===== Supplied information
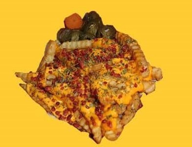 250 grs. de papas con queso amarillo, tocino deshidratado y perejil picado.
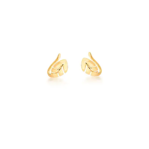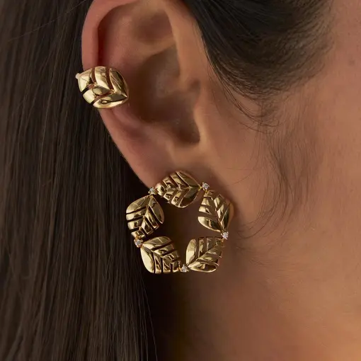 0235428 - BRINCO EAR CUFF 2 EM 1 COM FOLHAS LISAS BANHADA A OURO
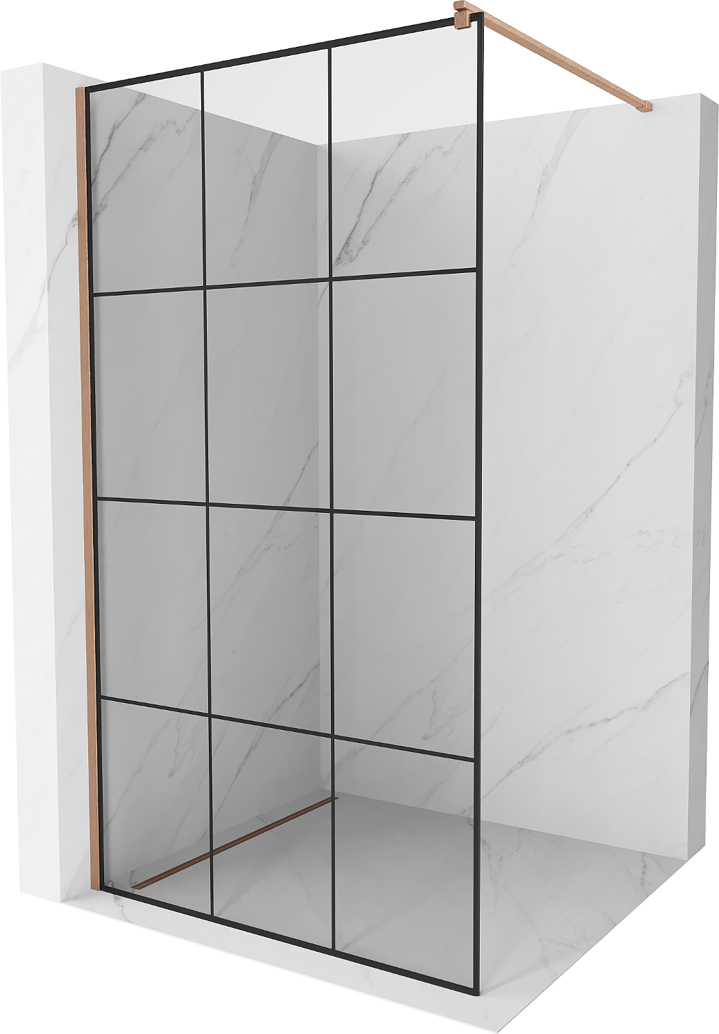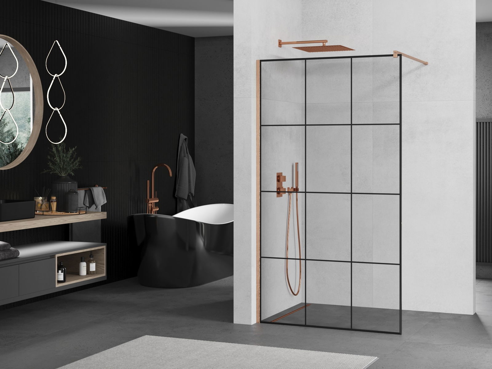 Mexen Kioto ścianka prysznicowa Walk-in 100 x 200 cm, czarna kratka 8 mm, miedź szczotkowana - 800-100-101-65-77
==========
### Requirement
Restate word for word each line from the top of the listing down to and including the line that holds "0235428 - BRINCO". Drop any pictures.

### Exercise output
 250 grs. de papas con queso amarillo, tocino deshidratado y perejil picado.
 0235428 - BRINCO EAR CUFF 2 EM 1 COM FOLHAS LISAS BANHADA A OURO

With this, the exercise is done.